Friedrich Wilhelm Ludwig von Wittich was a Prussian lieutenant general and a member of the Reichstag.

==Biography==
He was the son of the later Prussian Major General Karl August von Wittich (1772–1831) and his wife Christiane Johanna Friederike Elisabeth, née von Redern (1780–1842).

Von Wittich received his education in the cadet corps and joined the Prussian Army in 1835 as a second lieutenant. In 1844 he became an adjutant on the staff of the 2nd Division and in 1852 of the V Corps staff. Promoted to major in 1857, he was transferred to the staff of the 9th Division and in 1861 back to the V Corps. On October 18 he was promoted to lieutenant colonel.

In 1863 von Wittich became Chief of Staff of the II Corps and in 1864 of the IV Corps. As the latter, with the rank of colonel, he distinguished himself in the Austro-Prussian War and received the prestigious Pour le Mérite for his services. On March 22, 1868 he became major general and commander of the 49th (1st Grand Ducal Hessian) Infantry Brigade. He led his unit during the Franco-Prussian War in the battles of Vionville, Gravelotte and Noisseville. On September 22, 1870, he was appointed commander of the 22nd Division (German Empire)22nd Division. With his division he participated in the arduous and long operations along the Loire and against Le Mans from October 1870 to January 1871. In the course of these battles he fought under General von der Tann on October 10 in the Battle of Artenay, on the 11th at Orléans and on the 18th in the assault on Châteaudun. On October 21 he occupied Chartres and then fought under the Grand Duke of Mecklenburg-Schwerin on December 2 at the Battle of Loigny–Poupry, on 3 and 4 again at Orléans, from 8 to 10 at Battle of Beaugency. Before the turn of the year he received the oak leaves to the Pour le Merite. He also contributed significantly to the victories in the Battle of Le Mans (January 10 to 12) and at Alençon (January 15).

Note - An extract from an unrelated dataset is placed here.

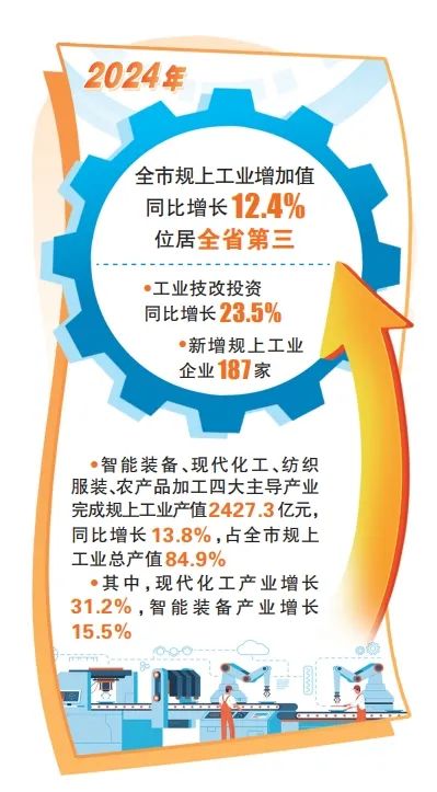 2024年,智能装备、现代化工、纺织服装、农产品加工四大主导产业完成规上工业产值2427.3亿元,同比增长13.8%,占全市规上工业总产值84.9%;其中,现代化工产业增长31.2%,智能装备产业增长15.5%。

Afterwards, on August 18, 1871, von Wittich was promoted to lieutenant general. On March 18, 1872, he was appointed commander of the 31st Division in Strasbourg. He retired from service in April 1873. In 1889 the 83rd (3rd Kurhessian) Infantry Regiment "von Wittich" was named after him in his honor.

From 1879 to 1881 von Wittich was a member of the German Reichstag for the German Conservative Party and the Landsberg constituency.

He married Johanna Albertine Luise Anna Hiller von Gaertringen on June 16, 1863 (* October 21, 1833). She was the widow of Anton von Bredelow (1818–1861) and daughter of Chamberlain Rudolf Hiller von Gaertringen († October 27, 1866) and Sophie von Motz. The later MP Hans Joachim von Brederlow was his stepson.